> _ABOUT THIS EXERCISE_:
Copy the data exactly. Images are to be left out.

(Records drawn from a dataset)
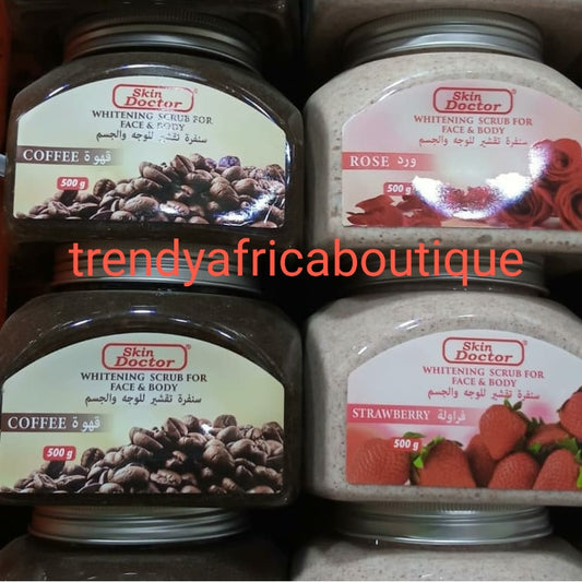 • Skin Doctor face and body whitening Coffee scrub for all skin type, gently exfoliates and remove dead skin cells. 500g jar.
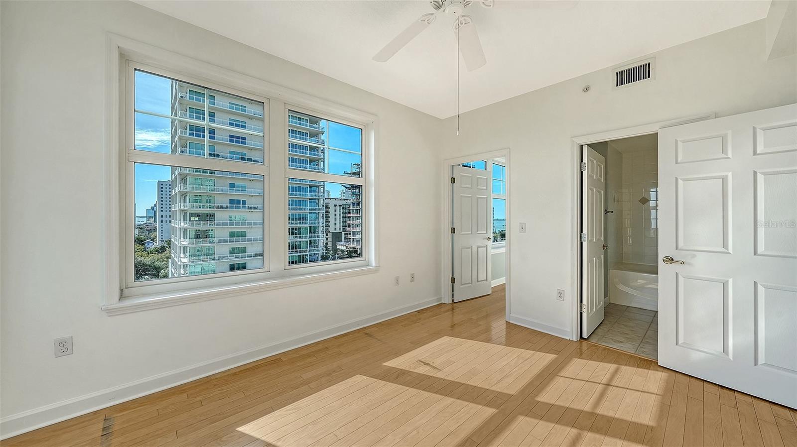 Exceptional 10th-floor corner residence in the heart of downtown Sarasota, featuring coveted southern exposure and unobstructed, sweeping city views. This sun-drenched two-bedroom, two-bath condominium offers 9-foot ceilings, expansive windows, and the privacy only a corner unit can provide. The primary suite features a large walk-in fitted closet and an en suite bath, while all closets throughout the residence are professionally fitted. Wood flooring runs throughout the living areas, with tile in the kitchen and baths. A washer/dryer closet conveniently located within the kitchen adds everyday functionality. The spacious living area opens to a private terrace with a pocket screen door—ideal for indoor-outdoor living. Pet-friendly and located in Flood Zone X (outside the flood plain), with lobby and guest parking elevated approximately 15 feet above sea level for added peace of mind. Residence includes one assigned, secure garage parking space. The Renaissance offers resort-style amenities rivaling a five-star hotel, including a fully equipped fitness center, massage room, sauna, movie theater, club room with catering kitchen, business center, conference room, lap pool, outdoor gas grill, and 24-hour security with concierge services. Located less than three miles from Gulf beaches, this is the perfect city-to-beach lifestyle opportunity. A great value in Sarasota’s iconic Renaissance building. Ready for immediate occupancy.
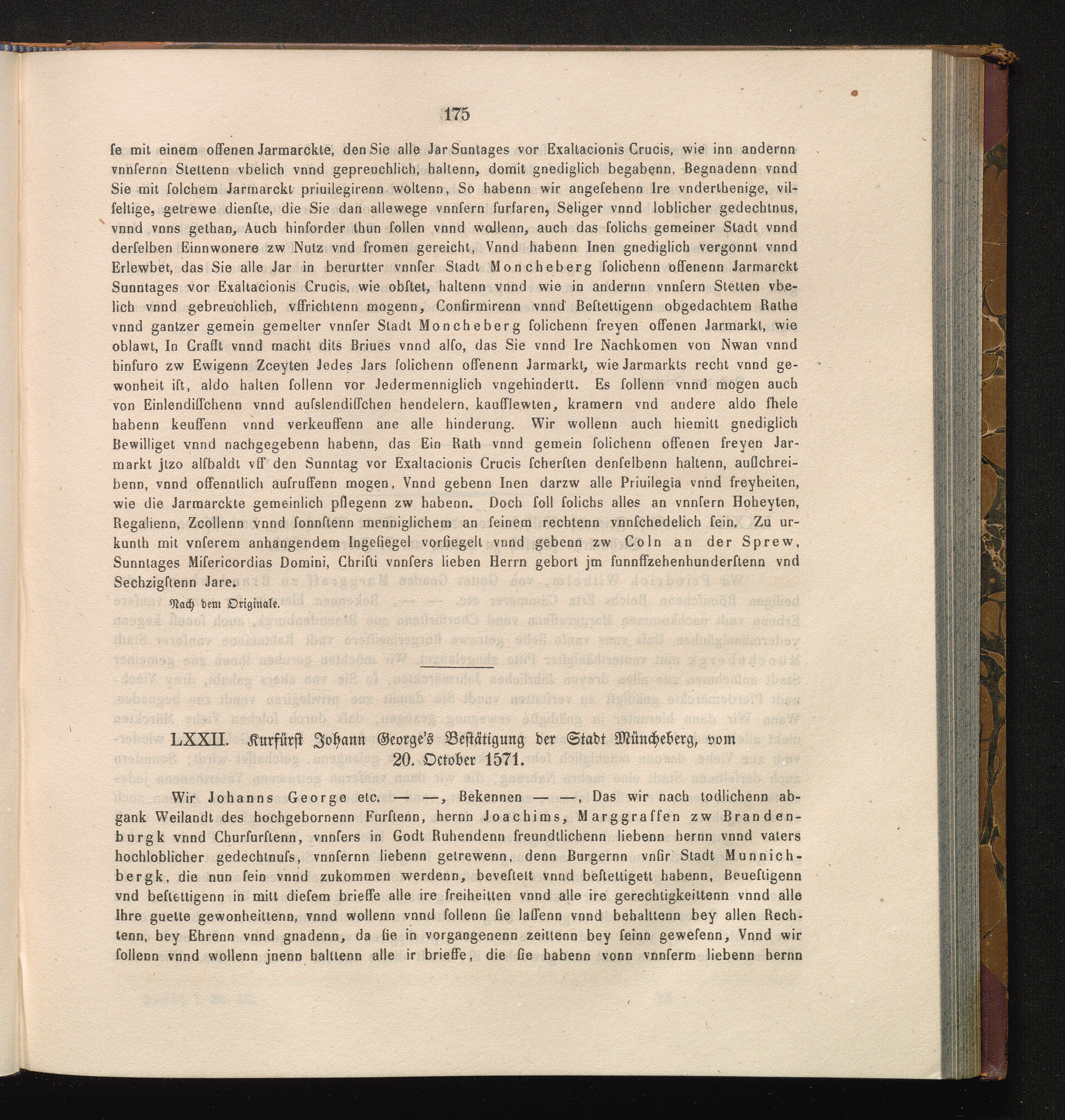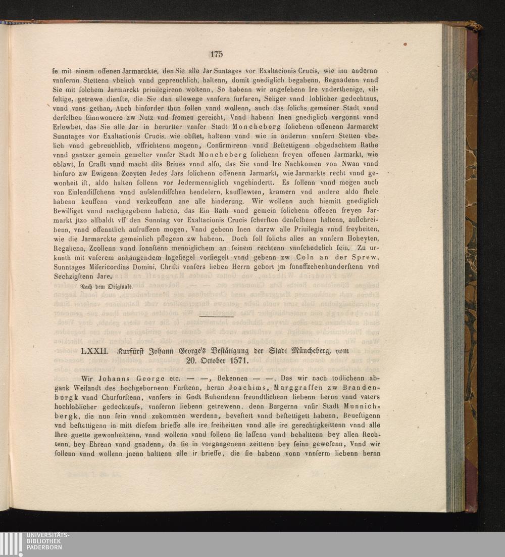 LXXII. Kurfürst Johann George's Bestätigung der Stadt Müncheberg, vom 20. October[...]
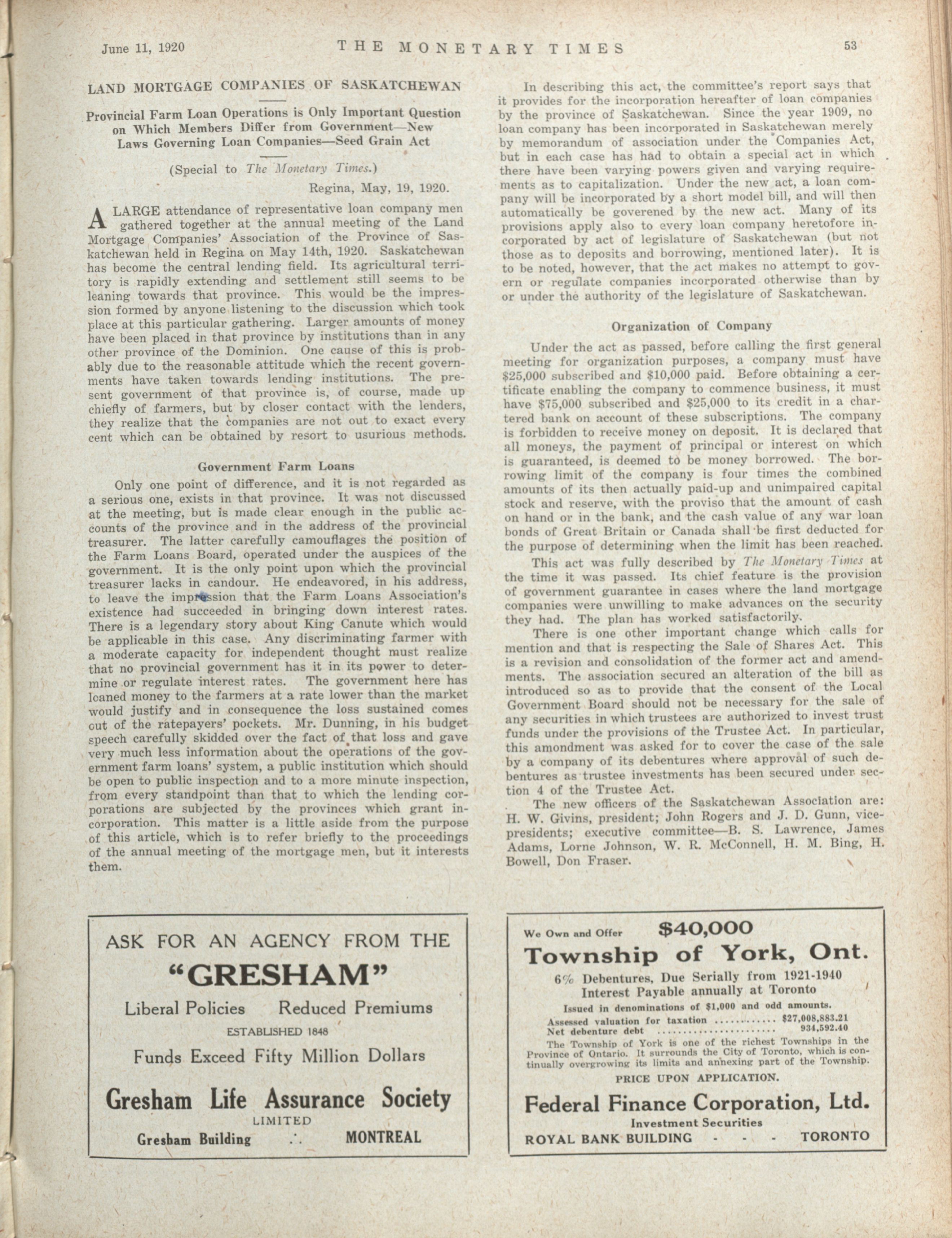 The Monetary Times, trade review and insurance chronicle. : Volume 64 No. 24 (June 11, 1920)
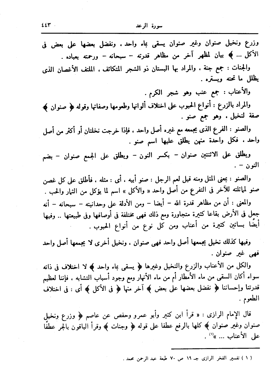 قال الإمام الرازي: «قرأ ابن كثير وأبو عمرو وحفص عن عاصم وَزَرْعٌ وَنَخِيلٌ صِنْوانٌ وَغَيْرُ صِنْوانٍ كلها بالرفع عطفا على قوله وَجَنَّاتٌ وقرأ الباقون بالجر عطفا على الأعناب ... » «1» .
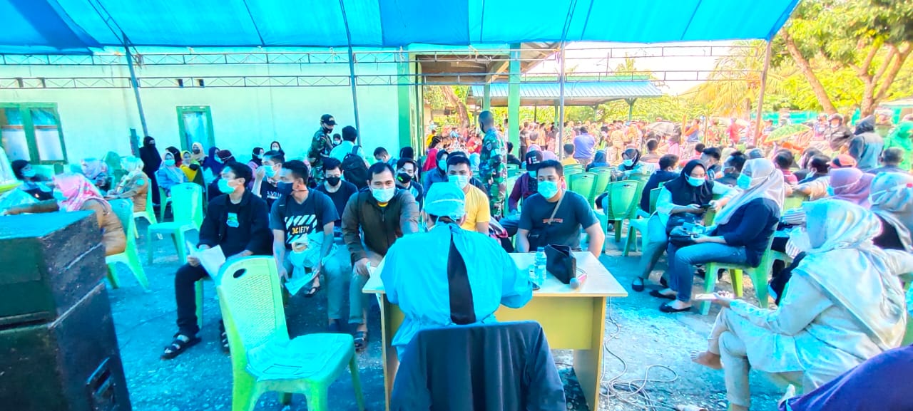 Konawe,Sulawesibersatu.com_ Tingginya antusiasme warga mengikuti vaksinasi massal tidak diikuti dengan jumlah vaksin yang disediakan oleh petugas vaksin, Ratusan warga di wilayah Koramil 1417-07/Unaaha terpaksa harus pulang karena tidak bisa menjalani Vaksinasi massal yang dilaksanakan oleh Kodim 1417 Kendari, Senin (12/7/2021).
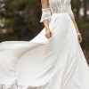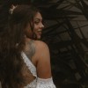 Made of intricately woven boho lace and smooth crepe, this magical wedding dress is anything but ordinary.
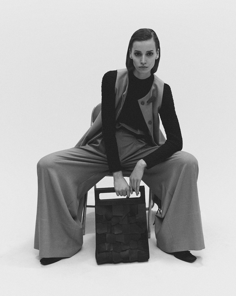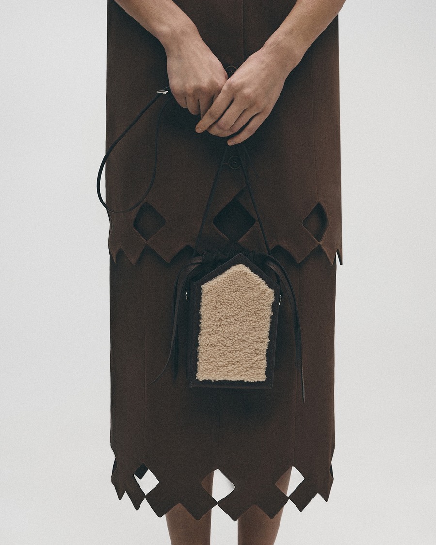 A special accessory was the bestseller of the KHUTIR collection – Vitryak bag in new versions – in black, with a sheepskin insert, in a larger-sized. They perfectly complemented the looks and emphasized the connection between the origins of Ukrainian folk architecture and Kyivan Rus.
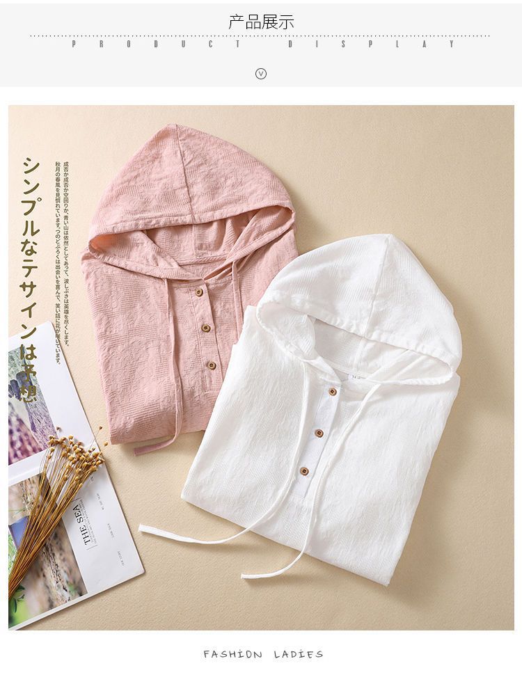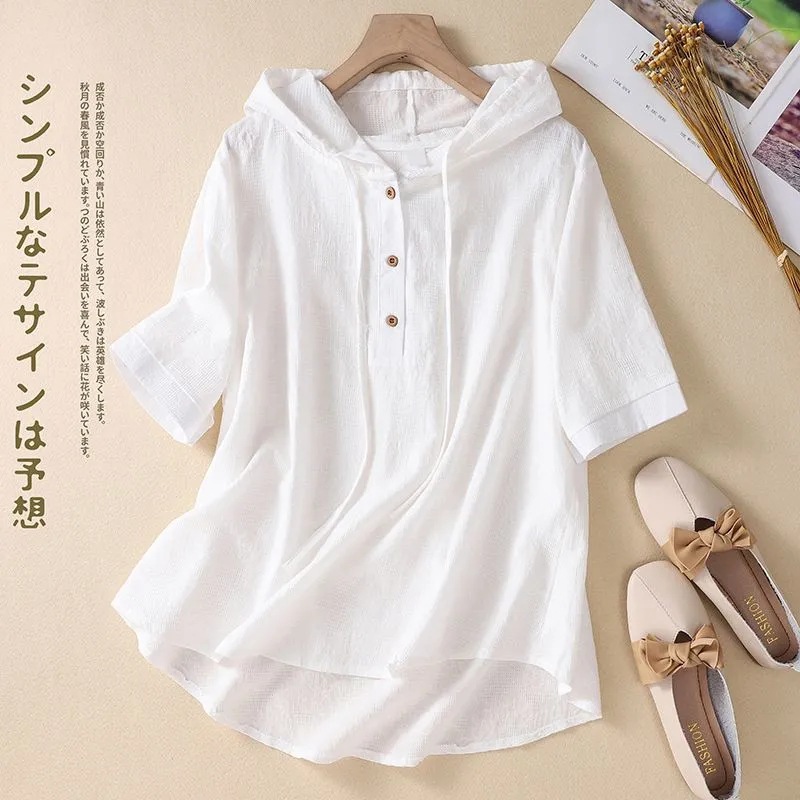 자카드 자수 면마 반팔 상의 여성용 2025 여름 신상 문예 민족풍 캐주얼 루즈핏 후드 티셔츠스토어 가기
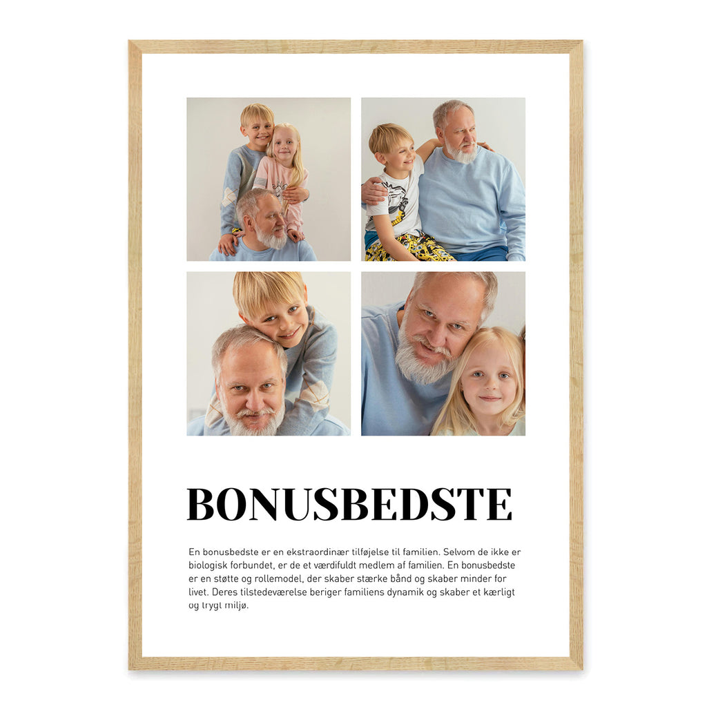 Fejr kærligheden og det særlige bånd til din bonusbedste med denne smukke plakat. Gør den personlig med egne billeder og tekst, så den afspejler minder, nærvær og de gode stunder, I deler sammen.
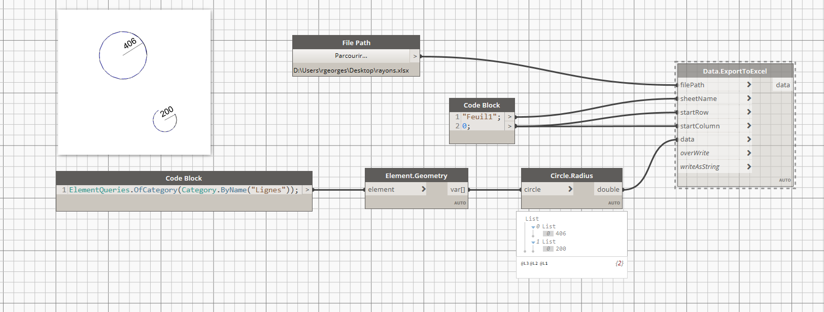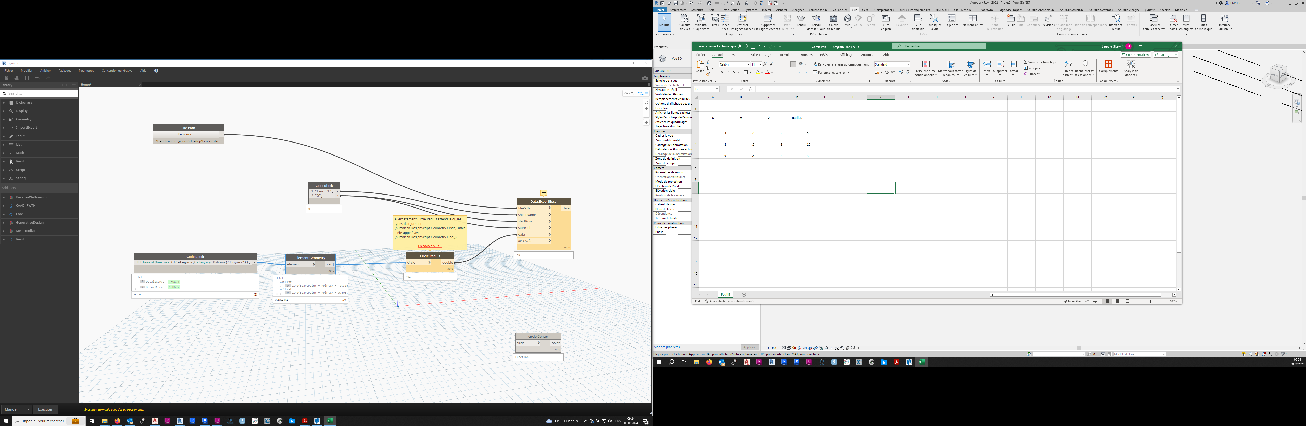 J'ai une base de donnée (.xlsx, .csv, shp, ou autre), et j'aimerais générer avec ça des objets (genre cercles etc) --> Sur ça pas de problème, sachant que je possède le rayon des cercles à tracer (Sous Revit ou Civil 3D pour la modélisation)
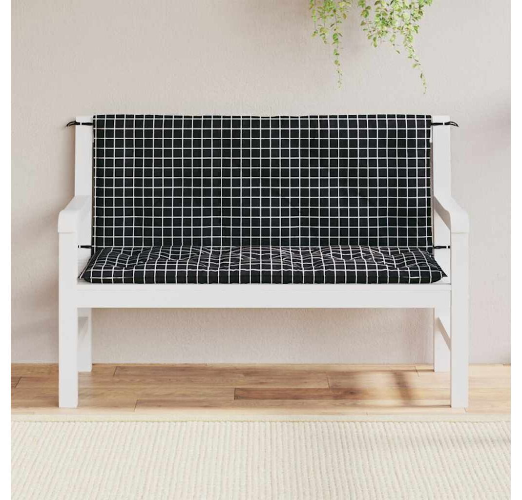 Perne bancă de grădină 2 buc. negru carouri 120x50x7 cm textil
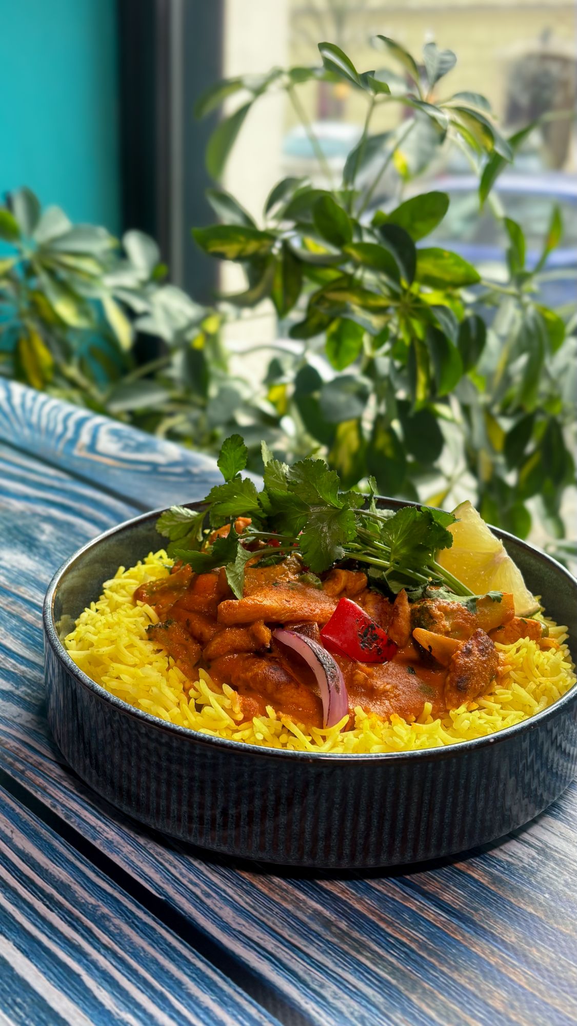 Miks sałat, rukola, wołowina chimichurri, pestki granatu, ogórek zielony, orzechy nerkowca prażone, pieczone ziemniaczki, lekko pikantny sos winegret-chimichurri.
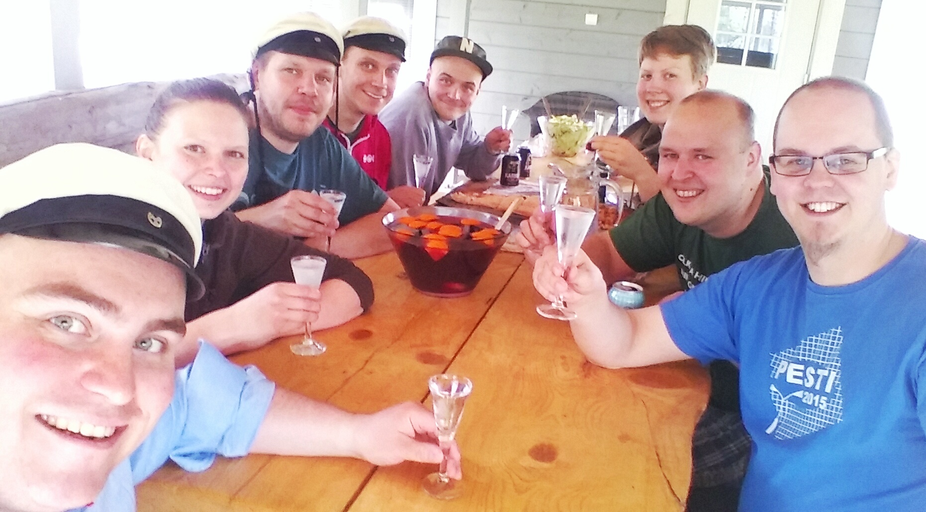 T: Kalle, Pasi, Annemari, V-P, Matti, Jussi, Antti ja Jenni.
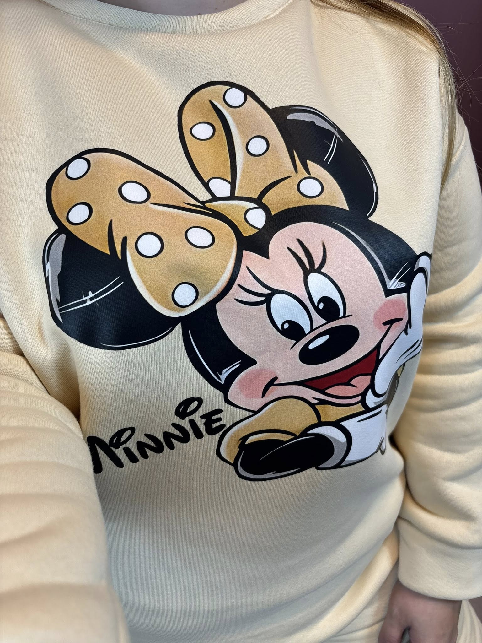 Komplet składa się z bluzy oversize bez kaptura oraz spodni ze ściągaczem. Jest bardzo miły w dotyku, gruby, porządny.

> _RESULT_:
 • Skin Doctor face and body whitening Coffee scrub for all skin type, gently exfoliates and remove dead skin cells. 500g jar.
 Exceptional 10th-floor corner residence in the heart of downtown Sarasota, featuring coveted southern exposure and unobstructed, sweeping city views. This sun-drenched two-bedroom, two-bath condominium offers 9-foot ceilings, expansive windows, and the privacy only a corner unit can provide. The primary suite features a large walk-in fitted closet and an en suite bath, while all closets throughout the residence are professionally fitted. Wood flooring runs throughout the living areas, with tile in the kitchen and baths. A washer/dryer closet conveniently located within the kitchen adds everyday functionality. The spacious living area opens to a private terrace with a pocket screen door—ideal for indoor-outdoor living. Pet-friendly and located in Flood Zone X (outside the flood plain), with lobby and guest parking elevated approximately 15 feet above sea level for added peace of mind. Residence includes one assigned, secure garage parking space. The Renaissance offers resort-style amenities rivaling a five-star hotel, including a fully equipped fitness center, massage room, sauna, movie theater, club room with catering kitchen, business center, conference room, lap pool, outdoor gas grill, and 24-hour security with concierge services. Located less than three miles from Gulf beaches, this is the perfect city-to-beach lifestyle opportunity. A great value in Sarasota’s iconic Renaissance building. Ready for immediate occupancy.
 LXXII. Kurfürst Johann George's Bestätigung der Stadt Müncheberg, vom 20. October[...]
 The Monetary Times, trade review and insurance chronicle. : Volume 64 No. 24 (June 11, 1920)
 قال الإمام الرازي: «قرأ ابن كثير وأبو عمرو وحفص عن عاصم وَزَرْعٌ وَنَخِيلٌ صِنْوانٌ وَغَيْرُ صِنْوانٍ كلها بالرفع عطفا على قوله وَجَنَّاتٌ وقرأ الباقون بالجر عطفا على الأعناب ... » «1» .
 Konawe,Sulawesibersatu.com_ Tingginya antusiasme warga mengikuti vaksinasi massal tidak diikuti dengan jumlah vaksin yang disediakan oleh petugas vaksin, Ratusan warga di wilayah Koramil 1417-07/Unaaha terpaksa harus pulang karena tidak bisa menjalani Vaksinasi massal yang dilaksanakan oleh Kodim 1417 Kendari, Senin (12/7/2021).
 Made of intricately woven boho lace and smooth crepe, this magical wedding dress is anything but ordinary.
 A special accessory was the bestseller of the KHUTIR collection – Vitryak bag in new versions – in black, with a sheepskin insert, in a larger-sized. They perfectly complemented the looks and emphasized the connection between the origins of Ukrainian folk architecture and Kyivan Rus.
 자카드 자수 면마 반팔 상의 여성용 2025 여름 신상 문예 민족풍 캐주얼 루즈핏 후드 티셔츠스토어 가기
 Fejr kærligheden og det særlige bånd til din bonusbedste med denne smukke plakat. Gør den personlig med egne billeder og tekst, så den afspejler minder, nærvær og de gode stunder, I deler sammen.
 J'ai une base de donnée (.xlsx, .csv, shp, ou autre), et j'aimerais générer avec ça des objets (genre cercles etc) --> Sur ça pas de problème, sachant que je possède le rayon des cercles à tracer (Sous Revit ou Civil 3D pour la modélisation)
 Perne bancă de grădină 2 buc. negru carouri 120x50x7 cm textil
 Miks sałat, rukola, wołowina chimichurri, pestki granatu, ogórek zielony, orzechy nerkowca prażone, pieczone ziemniaczki, lekko pikantny sos winegret-chimichurri.
 T: Kalle, Pasi, Annemari, V-P, Matti, Jussi, Antti ja Jenni.
 Komplet składa się z bluzy oversize bez kaptura oraz spodni ze ściągaczem. Jest bardzo miły w dotyku, gruby, porządny.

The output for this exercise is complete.